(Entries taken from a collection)

▬▬▬▬▬▬

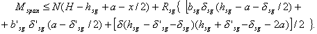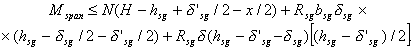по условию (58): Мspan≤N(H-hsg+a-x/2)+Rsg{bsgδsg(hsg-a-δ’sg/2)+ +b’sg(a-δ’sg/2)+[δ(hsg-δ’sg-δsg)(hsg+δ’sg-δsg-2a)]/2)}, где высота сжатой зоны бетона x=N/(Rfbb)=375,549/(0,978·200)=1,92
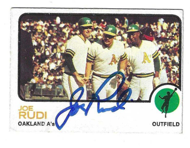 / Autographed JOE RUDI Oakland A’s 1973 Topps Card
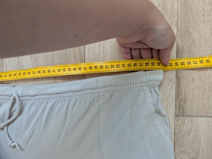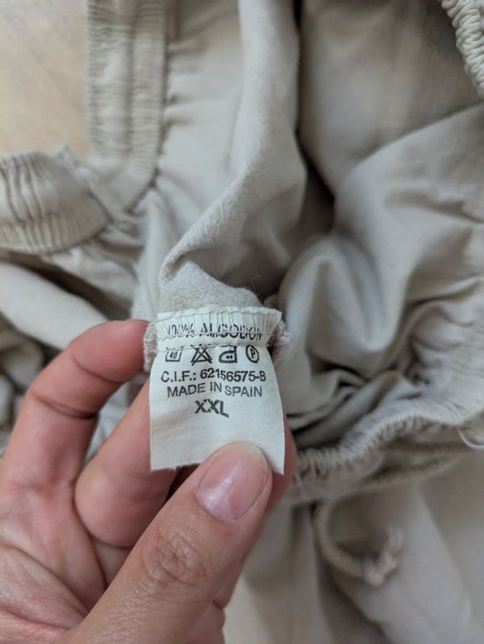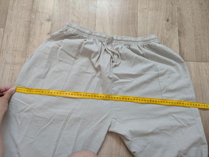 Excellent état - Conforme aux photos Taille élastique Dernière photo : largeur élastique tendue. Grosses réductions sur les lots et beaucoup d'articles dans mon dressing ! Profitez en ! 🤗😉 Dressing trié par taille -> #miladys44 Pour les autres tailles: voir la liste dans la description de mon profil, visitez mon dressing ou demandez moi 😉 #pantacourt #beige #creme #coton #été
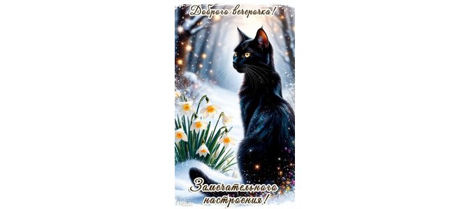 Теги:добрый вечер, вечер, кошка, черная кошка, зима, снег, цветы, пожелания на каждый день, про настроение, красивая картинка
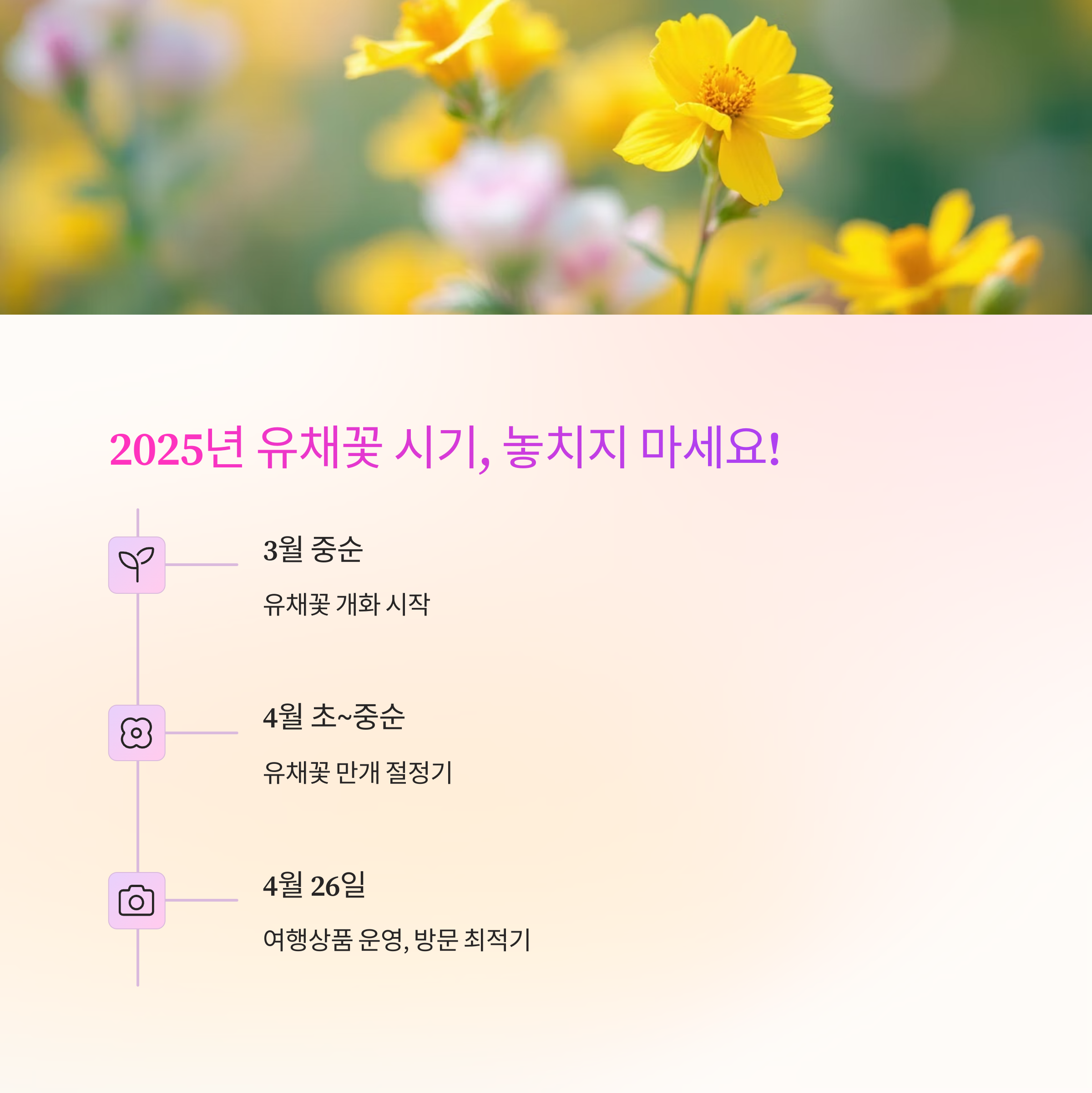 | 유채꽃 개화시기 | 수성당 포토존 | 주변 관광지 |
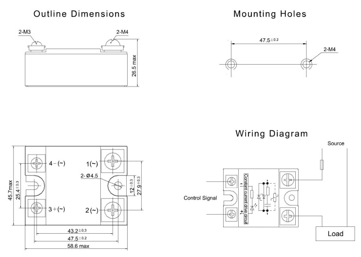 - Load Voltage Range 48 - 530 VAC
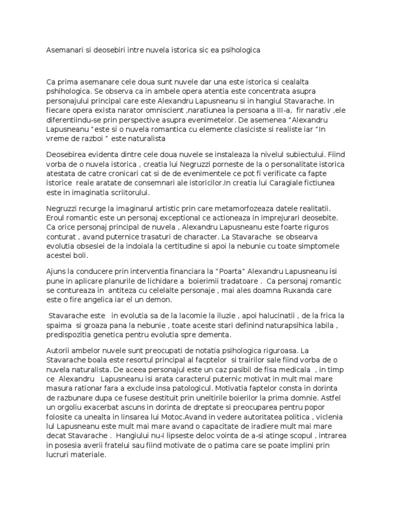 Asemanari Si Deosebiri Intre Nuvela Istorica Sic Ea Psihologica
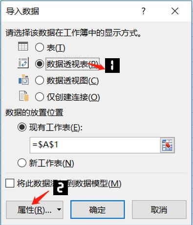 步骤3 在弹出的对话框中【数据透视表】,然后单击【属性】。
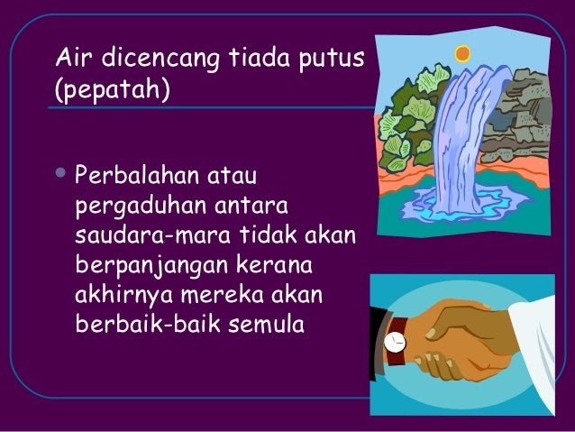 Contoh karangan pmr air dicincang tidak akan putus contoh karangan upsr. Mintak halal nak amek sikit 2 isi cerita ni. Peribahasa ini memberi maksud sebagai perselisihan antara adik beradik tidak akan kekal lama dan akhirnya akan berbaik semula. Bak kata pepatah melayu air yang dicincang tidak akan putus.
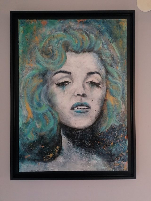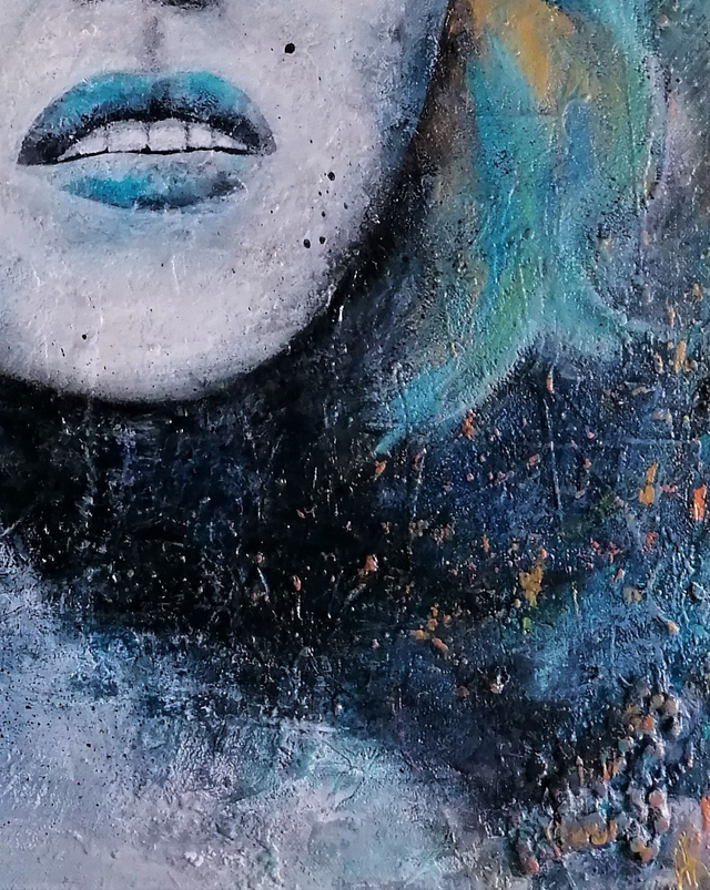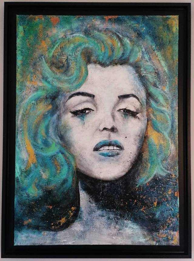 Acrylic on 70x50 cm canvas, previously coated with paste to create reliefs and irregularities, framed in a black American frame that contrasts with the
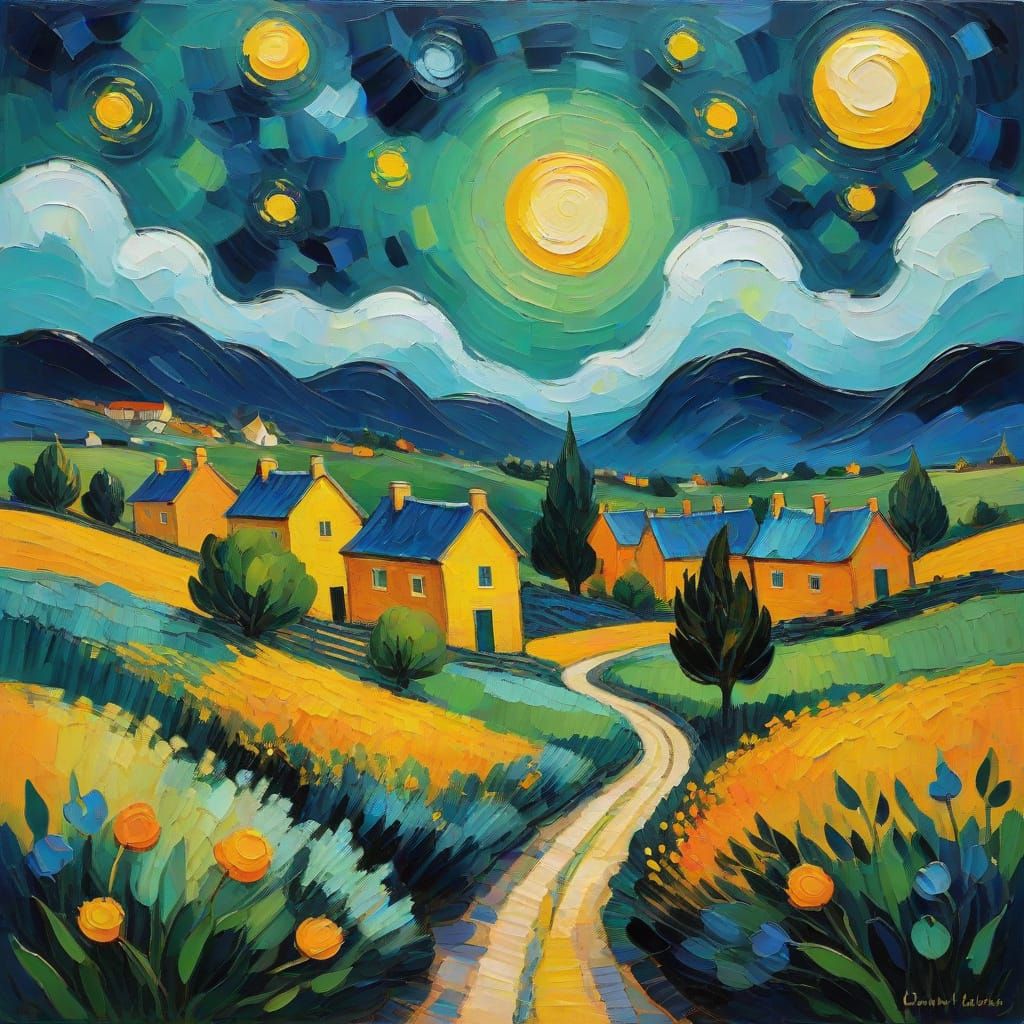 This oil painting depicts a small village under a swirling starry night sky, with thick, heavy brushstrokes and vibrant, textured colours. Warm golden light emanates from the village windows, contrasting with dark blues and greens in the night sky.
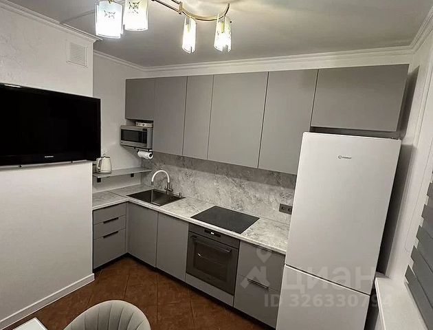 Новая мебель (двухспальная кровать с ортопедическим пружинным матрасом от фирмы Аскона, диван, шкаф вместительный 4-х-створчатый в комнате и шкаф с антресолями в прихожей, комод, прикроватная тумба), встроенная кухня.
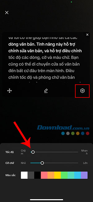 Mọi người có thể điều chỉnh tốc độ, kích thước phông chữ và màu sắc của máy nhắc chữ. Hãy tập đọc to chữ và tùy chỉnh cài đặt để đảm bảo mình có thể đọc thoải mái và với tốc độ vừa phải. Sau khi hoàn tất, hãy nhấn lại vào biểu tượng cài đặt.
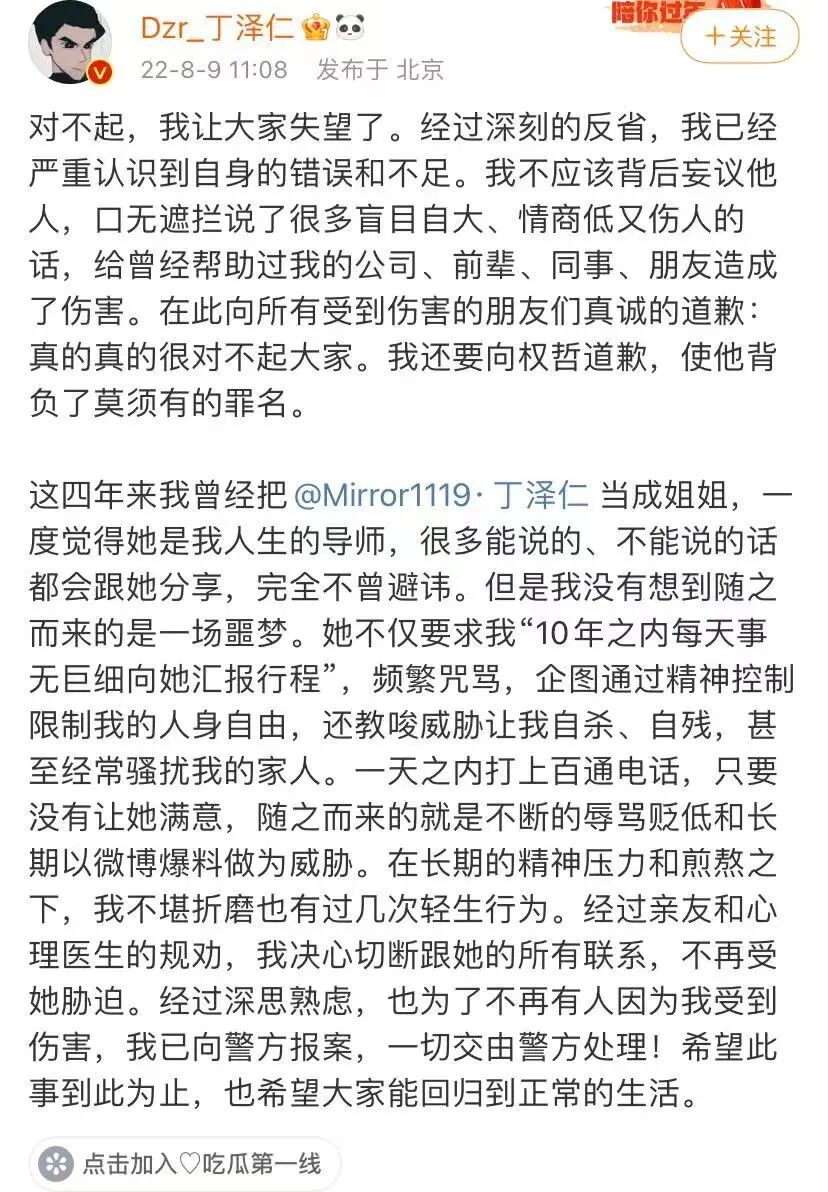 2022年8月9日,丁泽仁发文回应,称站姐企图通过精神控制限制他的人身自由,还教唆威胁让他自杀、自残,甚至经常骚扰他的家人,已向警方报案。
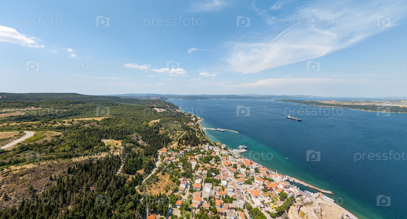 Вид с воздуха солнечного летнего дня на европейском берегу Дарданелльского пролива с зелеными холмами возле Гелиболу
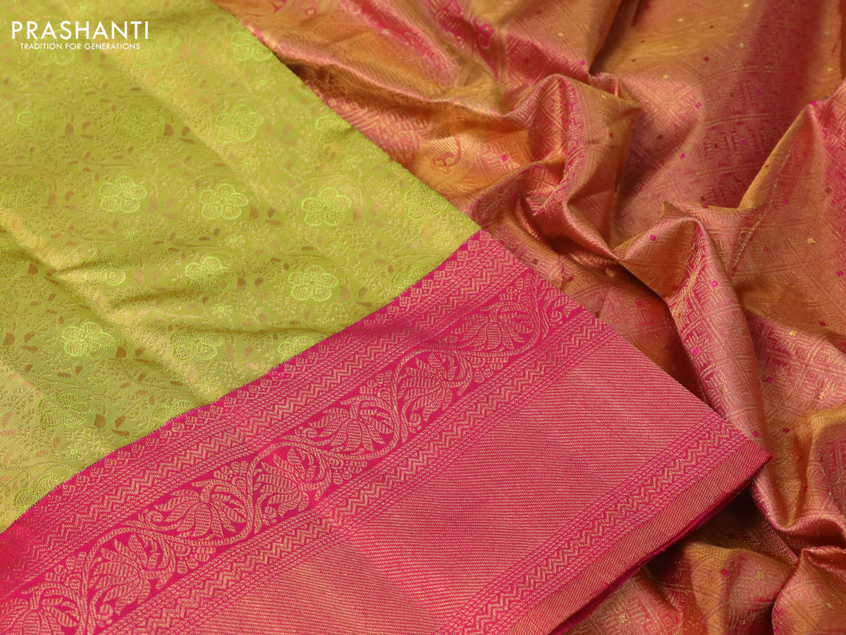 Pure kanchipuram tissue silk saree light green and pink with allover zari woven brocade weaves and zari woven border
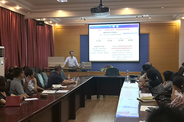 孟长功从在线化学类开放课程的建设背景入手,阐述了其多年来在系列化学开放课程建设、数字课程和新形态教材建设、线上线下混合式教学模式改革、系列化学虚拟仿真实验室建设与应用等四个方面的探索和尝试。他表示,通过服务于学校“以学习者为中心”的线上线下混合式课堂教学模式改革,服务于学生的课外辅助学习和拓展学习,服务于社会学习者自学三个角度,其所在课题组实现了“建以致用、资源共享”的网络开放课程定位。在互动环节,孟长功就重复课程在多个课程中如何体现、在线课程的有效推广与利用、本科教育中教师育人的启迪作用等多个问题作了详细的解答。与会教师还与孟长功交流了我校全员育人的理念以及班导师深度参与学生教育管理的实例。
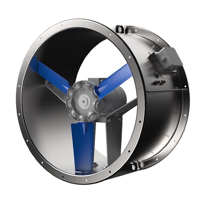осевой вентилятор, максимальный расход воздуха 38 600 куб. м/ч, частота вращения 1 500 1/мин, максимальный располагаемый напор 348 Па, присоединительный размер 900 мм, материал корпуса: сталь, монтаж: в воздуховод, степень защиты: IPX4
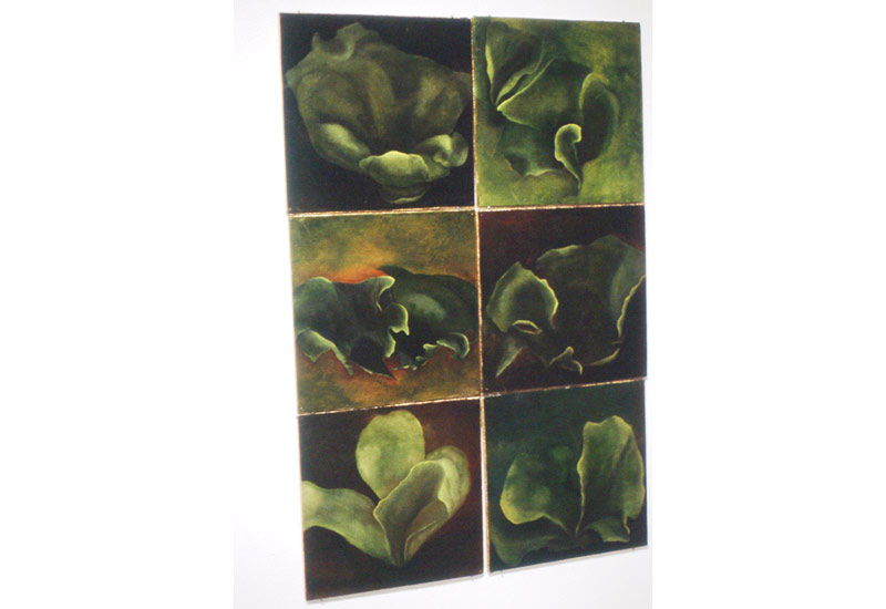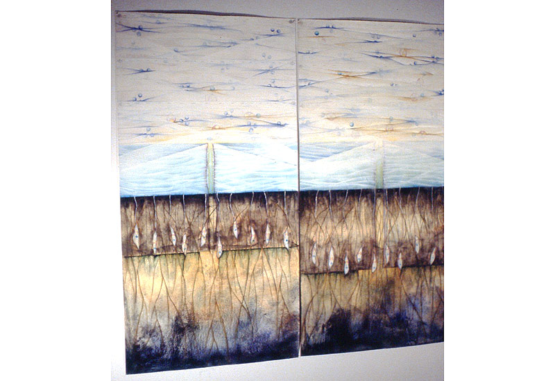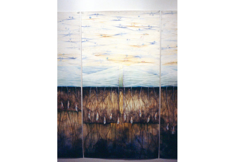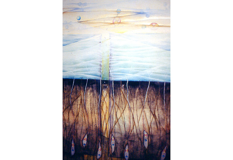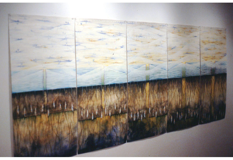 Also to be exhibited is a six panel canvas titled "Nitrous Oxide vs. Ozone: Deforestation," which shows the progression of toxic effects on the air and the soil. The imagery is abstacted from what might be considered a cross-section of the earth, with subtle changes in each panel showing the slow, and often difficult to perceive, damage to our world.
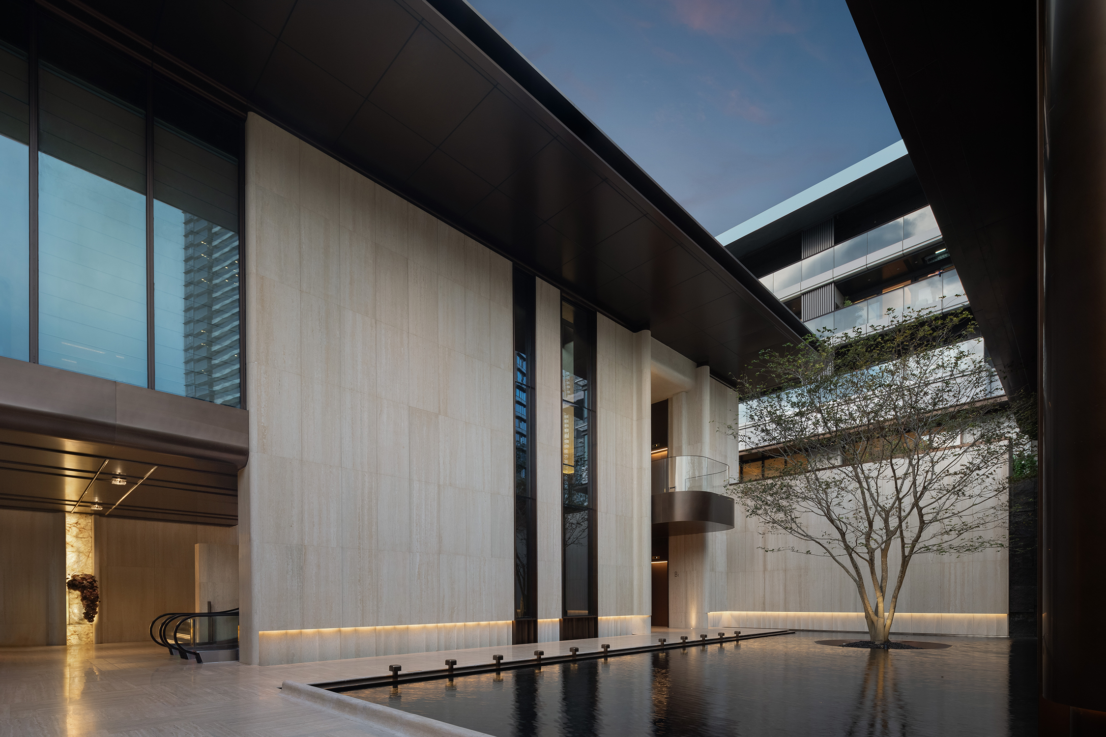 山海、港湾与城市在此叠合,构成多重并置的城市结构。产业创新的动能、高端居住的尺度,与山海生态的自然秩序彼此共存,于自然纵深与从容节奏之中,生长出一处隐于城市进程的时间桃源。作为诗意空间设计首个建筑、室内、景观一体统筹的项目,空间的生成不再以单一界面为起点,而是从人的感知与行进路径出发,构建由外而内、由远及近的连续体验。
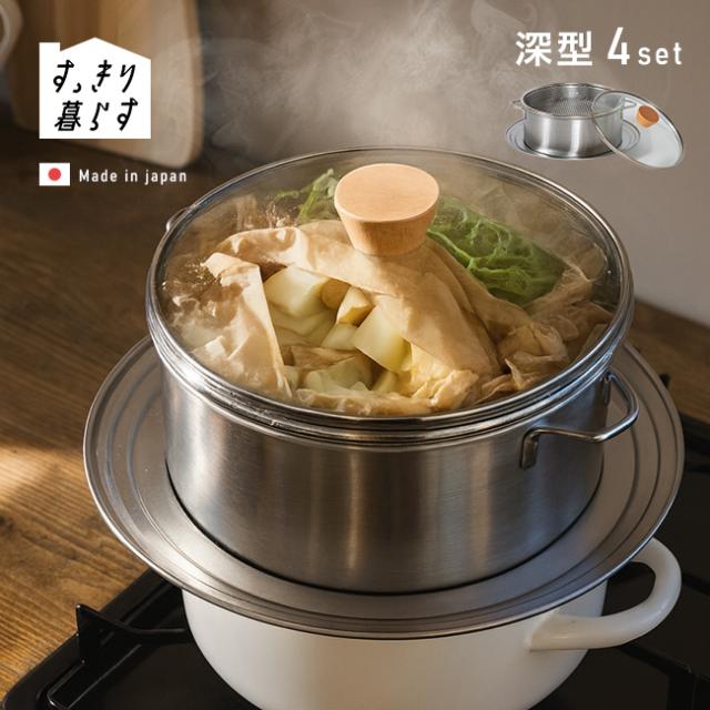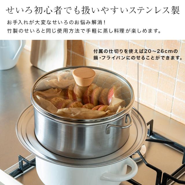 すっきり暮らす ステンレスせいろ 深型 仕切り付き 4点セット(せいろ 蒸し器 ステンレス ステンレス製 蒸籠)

▬▬▬▬▬▬

Work request - Reproduce the lines above starting at the one with "步骤3 在弹出的对话框中【数据透视表】,然后单击【属性】。" and ending at the one with "Acrylic on 70x50", both included, exactly and with no pictures.

Response to the task -
 步骤3 在弹出的对话框中【数据透视表】,然后单击【属性】。
 Contoh karangan pmr air dicincang tidak akan putus contoh karangan upsr. Mintak halal nak amek sikit 2 isi cerita ni. Peribahasa ini memberi maksud sebagai perselisihan antara adik beradik tidak akan kekal lama dan akhirnya akan berbaik semula. Bak kata pepatah melayu air yang dicincang tidak akan putus.
 Acrylic on 70x50 cm canvas, previously coated with paste to create reliefs and irregularities, framed in a black American frame that contrasts with the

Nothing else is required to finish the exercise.